There are trade-offs. gpt-image-2 doesn’t support transparent backgrounds, which gpt-image-1 does. It’s slower due to the reasoning overhead. It costs more per image. These are worth knowing about, but for my use case — generating and editing images inside a coding workflow — the flexible resolutions and text accuracy alone justified the switch.

The Contribution

I could have made a minimal change — add "gpt-image-2" to the model enum and call it done. The API endpoint is the same; OpenAI didn’t change the URL or the authentication. A one-line change would have technically worked for basic generation with default parameters.

But gpt-image-2’s flexible resolution system means the size validation logic needed to change fundamentally. gpt-image-1’s sizes are a simple enum — you pick from a list. gpt-image-2 requires parsing a width×height string and validating it against four independent constraints. Passing an invalid size to the API would produce a cryptic error from OpenAI’s backend, which is a poor experience when the MCP server could validate it locally and return a clear message instead.

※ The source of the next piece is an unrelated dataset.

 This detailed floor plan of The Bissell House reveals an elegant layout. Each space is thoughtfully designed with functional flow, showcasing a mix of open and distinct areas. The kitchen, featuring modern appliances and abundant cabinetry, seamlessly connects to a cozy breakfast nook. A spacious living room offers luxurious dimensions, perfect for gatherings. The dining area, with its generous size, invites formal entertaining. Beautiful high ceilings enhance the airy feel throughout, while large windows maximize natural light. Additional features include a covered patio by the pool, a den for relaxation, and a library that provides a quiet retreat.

The original codebase was a single index.ts file with no tests and no CI pipeline. If I was going to add non-trivial validation logic, I wanted tests to prove it worked correctly. And if I was going to submit a PR with tests, a CI pipeline to run them automatically seemed like the responsible addition. So the scope grew beyond what I initially planned.

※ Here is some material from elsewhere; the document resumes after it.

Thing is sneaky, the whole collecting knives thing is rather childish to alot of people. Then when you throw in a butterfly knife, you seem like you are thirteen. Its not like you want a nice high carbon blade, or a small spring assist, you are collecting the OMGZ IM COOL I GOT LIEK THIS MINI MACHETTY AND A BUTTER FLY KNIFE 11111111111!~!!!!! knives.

The final PR touches eight files: model support with resolution validation, extracted helper modules, comprehensive test coverage, and a GitHub Actions workflow that runs tests across Node 18, 20, 22, and 24. About 1,200 lines added, 200 removed.

I’m aware this makes for a larger PR than most maintainers prefer to review. There’s a real tension in open source between making the minimal viable change and making a change that’s properly engineered. I chose the latter because a contribution with tests and CI is more likely to be accepted and maintained long-term than a quick patch that shifts the testing burden to the maintainer. Whether the maintainer agrees is up to them — the PR is open.

MCP Makes This Worth It

The reason this contribution pattern works is MCP itself. I didn’t need to wait for the PR to be reviewed and merged before I could use gpt-image-2 in my workflow. I pointed my Claude Code configuration at my fork:

{
  "mcpServers": {
    "openai-image": {
      "command": "node",
      "args": ["/path/to/my-fork/dist/index.js"],
      "env": {
        "OPENAI_API_KEY": "sk-..."
      }
    }
  }
}

That’s it. Claude Code picked up the server on next launch, and I had gpt-image-2 generation and editing available immediately. No waiting for Anthropic to add native image support, no waiting for the MCP server maintainer to merge my PR, no intermediary steps. The protocol decouples tool capability from any single party’s release schedule.

This is what makes MCP more than just “a way to add tools to Claude.” It’s an architecture that means no capability is a dead end. If the tool you need doesn’t exist, you build a server. If it exists but is outdated, you fork it. If your fork diverges permanently, you publish it. At every step, you’re unblocked — the protocol guarantees that any compliant server works with any compliant client.

The Gap Is Structural

Models are releasing faster than the ecosystem around them can adapt. OpenAI ships a new image model, and it takes days to weeks before the MCP servers, SDK wrappers, and integration tools catch up. This isn’t anyone’s fault — it’s the natural consequence of a fast-moving field built on volunteer-maintained infrastructure.

The engineers who treat this gap as an opportunity rather than a blocker will consistently have access to better tools sooner. The skills involved aren’t exotic: read the API changelog, understand what changed, fork the relevant project, implement the support, write tests, submit a PR. It’s standard open source contribution, applied to a domain that moves fast enough to reward the effort.

I submitted my PR six days after gpt-image-2 launched. I was using it in my workflow within hours of starting the fork. That’s the value proposition of open source in a rapidly evolving ecosystem — not free software, but the freedom to fix what’s missing, when you need it fixed.